Posted: 5:40 pm Monday, July 18th, 2016

Kim Kardashian & Kanye West May Have Some Legal Trouble After Sharing Video of Taylor Swift 

By mjonbli

2009 MTV Video Music Awards - Show

NEW YORK – SEPTEMBER 13: Kanye West (L) jumps onstage after Taylor Swift (C) won the “Best Female Video” award during the 2009 MTV Video Music Awards at Radio City Music Hall on September 13, 2009 in New York City. (Photo by Christopher Polk/Getty Images)

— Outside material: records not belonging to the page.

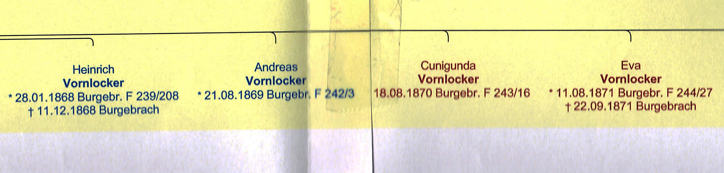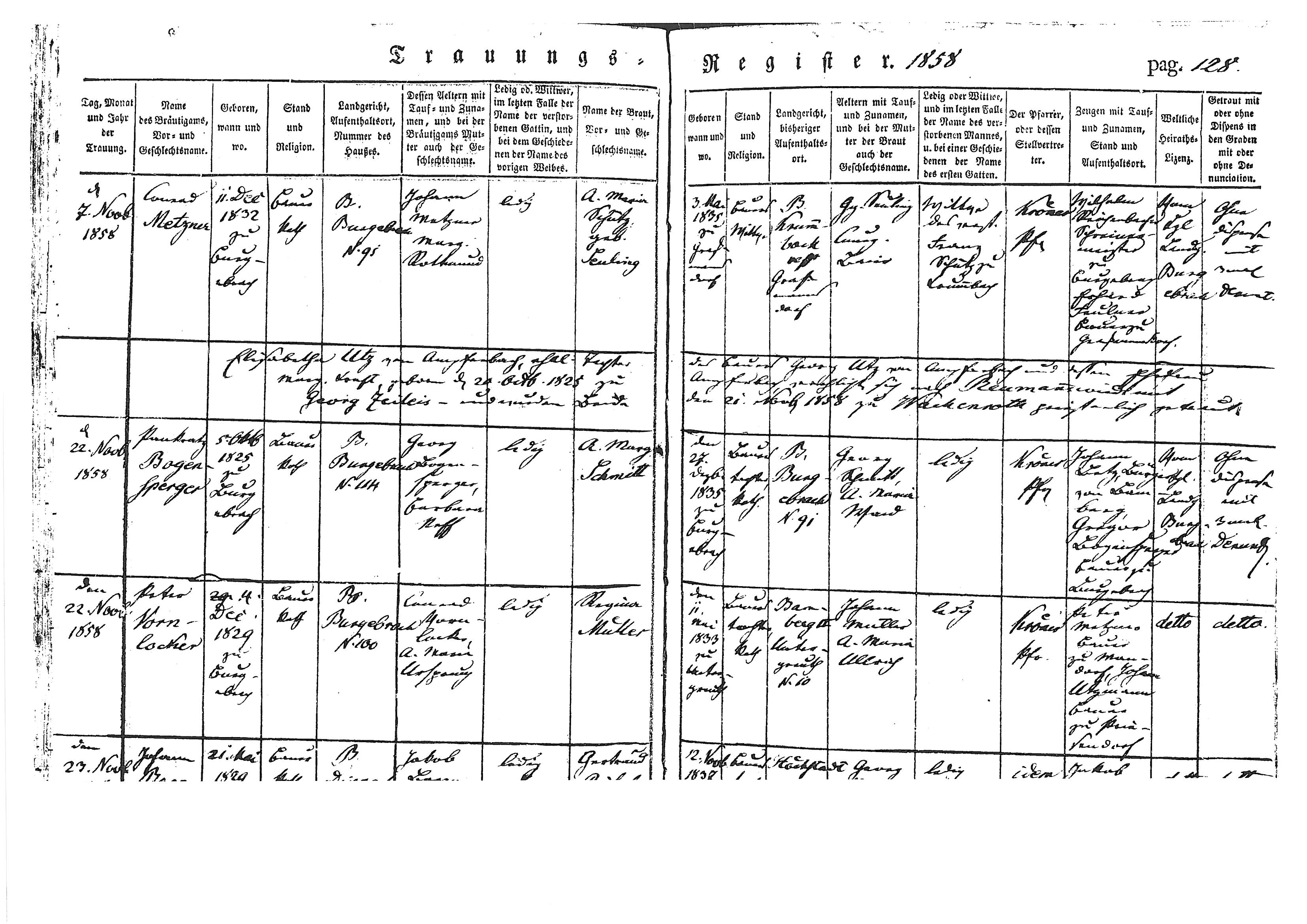 | Peter Vornlocker & Regina Mueller were married 22.11.1858 Burgebrach House 100 Groom Father - Conrad Vornlocker Groom Mother - Anna Maria Ursprung Bride Father - Johann Mueller Bride Mother - Annz Maria Ulrich |
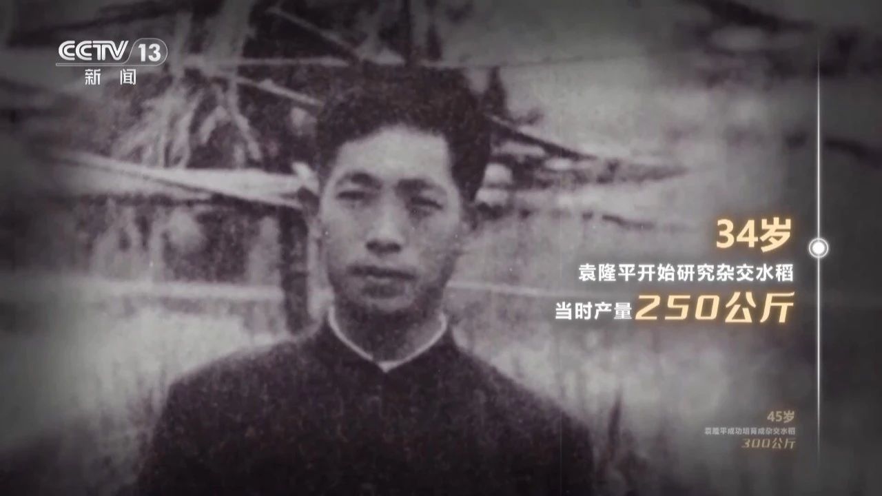 34岁,袁隆平开始研究杂交水稻,当时产量250公斤;
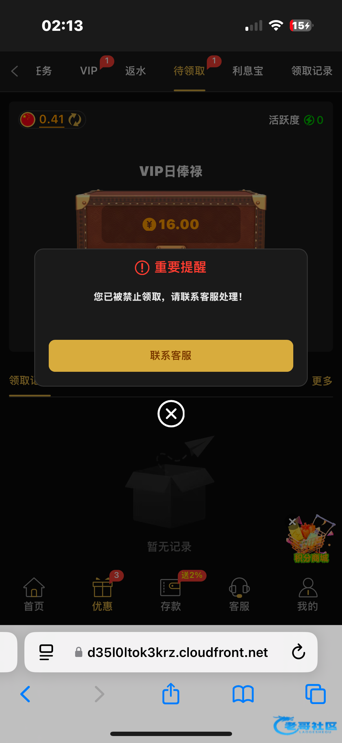 禁止领取了,哈哈,每天领16想啥呢?
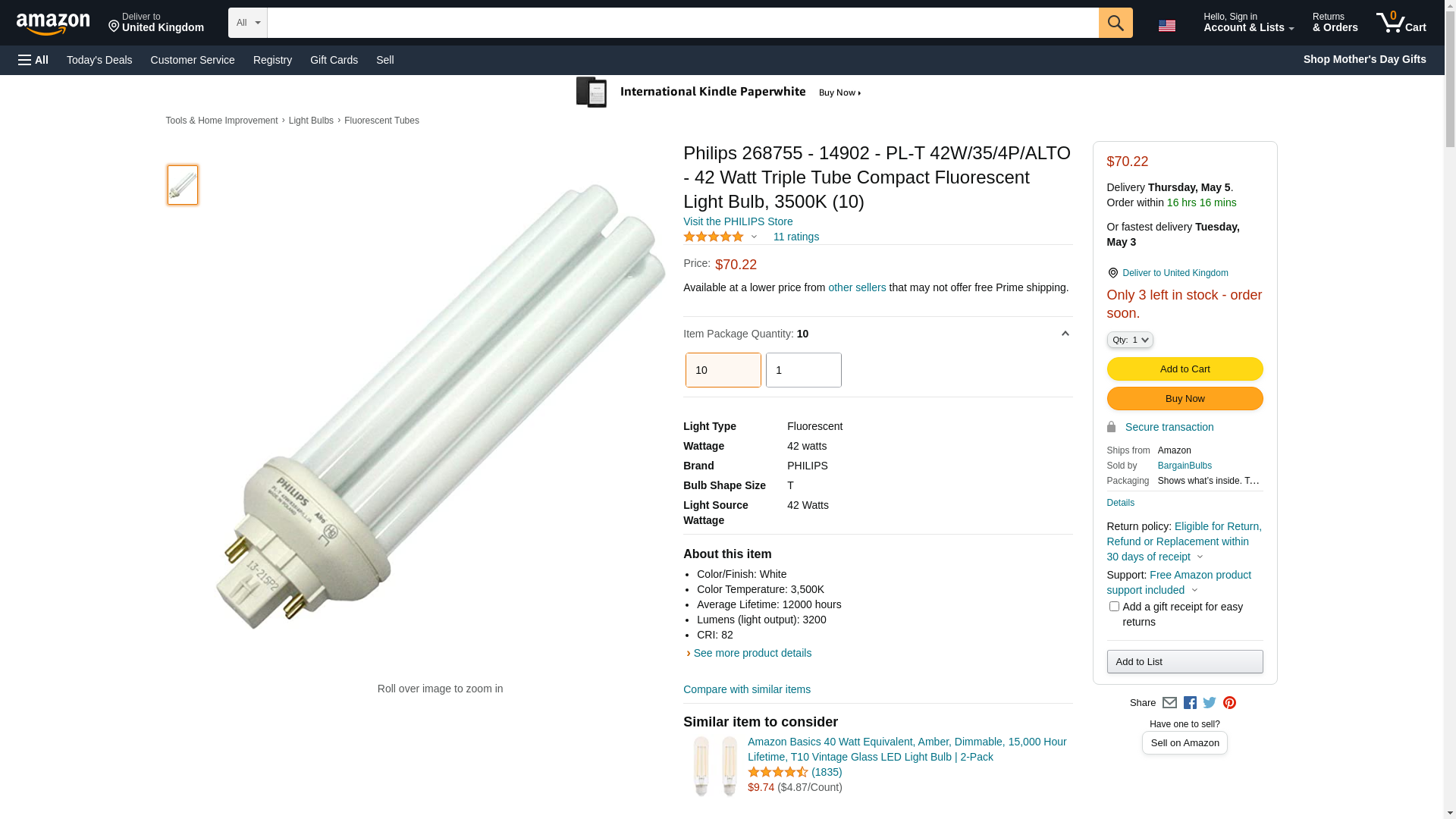 ![]() BulbAmerica | 268755 | 1 | 1 | 1 @ $11.99 | |
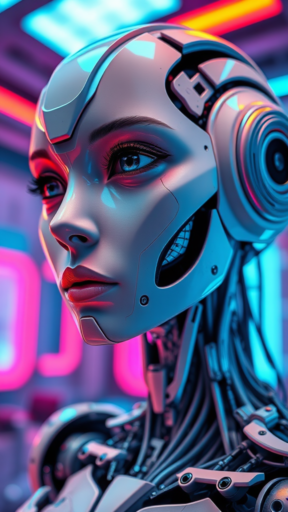 Close up shot portrait of an intricate robotic girl with a blend of android and humanoid features. Her detailed face showcases robotic eyes, nose, mouth, and lips, with an intricately designed robotic body. The ultra-detailed futuristic room interior serves as a vibrant and contrasting backdrop, adding to the cinematic and futuristic theme. The HDR and UDR effects enhance the dynamic range, while maintaining the essence of a masterpiece with professional work quality. The scene avoids any errors or imperfections, emphasizing a perfect amalgamation of human and robot aesthetics. The robotic girl has a humanoid face with expressive eyes, lashes, nose, and mouth capturing a girly and feminine essence. Her form is flawless, free from deformities, and the composition is compelling, focusing on the beauty of symbiosis between human and machine. The vibrant colors and futuristic setting evoke a sense of wonder and innovation, creating an unforgettable portrait in a high-resolution digital illustration.
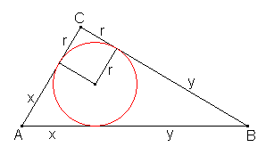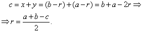 Usando esta otra figura, podemos expresar con facilidad el radio de la circunferencia inscrita en un triángulo rectángulo:
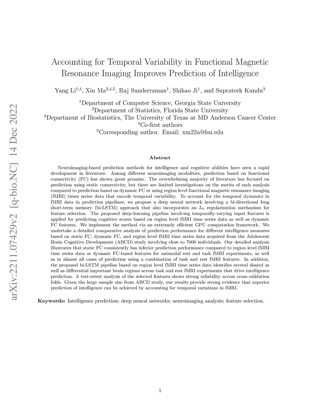 Neuroimaging-based prediction methods for intelligence and cognitive abilities have seen a rapid development in literature. Among different neuroimaging modalities, prediction based on functional connectivity (FC) has shown great promise. Most literature has focused on prediction using static FC, but there are limited investigations on the merits of such analysis compared to prediction based on dynamic FC or region level functional magnetic resonance imaging (fMRI) times series that encode temporal variability. To account for the temporal dynamics in fMRI data, we propose a deep neural network involving bi-directional long short-term memory (bi-LSTM) approach that also incorporates feature selection mechanism. The proposed pipeline is implemented via an efficient GPU computation framework and applied to predict intelligence scores based on region level fMRI time series as well as dynamic FC. We compare the prediction performance for different intelligence measures based on static FC, dynamic FC, and region level time series acquired from the Adolescent Brain Cognitive Development (ABCD) study involving close to 7000 individuals. Our detailed analysis illustrates that static FC consistently has inferior prediction performance compared to region level time series or dynamic FC for unimodal rest and task fMRI experiments, and in almost all cases using a combination of task and rest features. In addition, the proposed bi-LSTM pipeline based on region level time series identifies several shared and differential important brain regions across task and rest fMRI experiments that drive intelligence prediction. A test-retest analysis of the selected features shows strong reliability across cross-validation folds. Given the large sample size from ABCD study, our results provide strong evidence that superior prediction of intelligence can be achieved by accounting for temporal variations in fMRI.
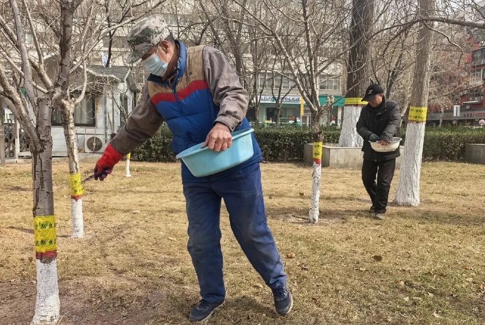 当前,随着气温变化,草履蚧若虫将进入出土上树关键期。为提升防治效果,市长安公园在完成树木防虫胶带缠绕工作的基础上,于近期集中开展了地面施药辅助治理,着力构建“地面控源+树干阻截”的综合防治体系。

Taylor Swift is firing back after Kim Kardashian exposed her conversation with Kanye West about her involvement in Kanye’s controversial song “Famous.”  After this Sunday’s episode of KUWTK, where Kim defended her husband, & expressing how “fed up” she was over this whole Kanye West vs. Taylor Swift fiasco, Kim posted a video to Snapchat showing Kanye & Taylor on the phone discussing the lyrics. In the video, Swift can allegedly be heard approving the West lyrics: “… I feel like me and Taylor might still have sex.” Swift originally released a statement about the track, saying the rapper “did not call for approval, but to ask Taylor to release his single ‘Famous’ on her Twitter account.” She also added that she was “never made aware of the actual lyrics, ‘I made that bi**h famous.’”  Multiple sources confirm that West recorded the conversation from Los Angeles and that the rapper did not tell Swift at the start of the conversation that he was recording. If that is the case, he may have violated California’s “two-party consent” law. The two-party consent law makes it a felony to record or eavesdrop on any confidential communication – namely, a phone call – without the consent of all those involved, Gregory G. Brown, Esq. of Irvine-based business, family and trial law firm Brown & Charbonneau, LLP says. As Swift likely had a reasonable expectation that the call would be private, West would be in violation of the wiretapping law. “It’s a crime to do that, and the potential punishment is $2,500 dollars per violation and up to a year in prison,” Brown says, adding, “There are also civil damages that you can get, which is $3,000 or three times the actual damages.” Multiple insiders also say that the rapper always records his entire album-creation process for his archives and he is not afraid of any impending litigation. After he released the music video for the song, the rapper tweeted “Can somebody sue me already #I’llwait.”  Be careful what you wish for, Yeezy!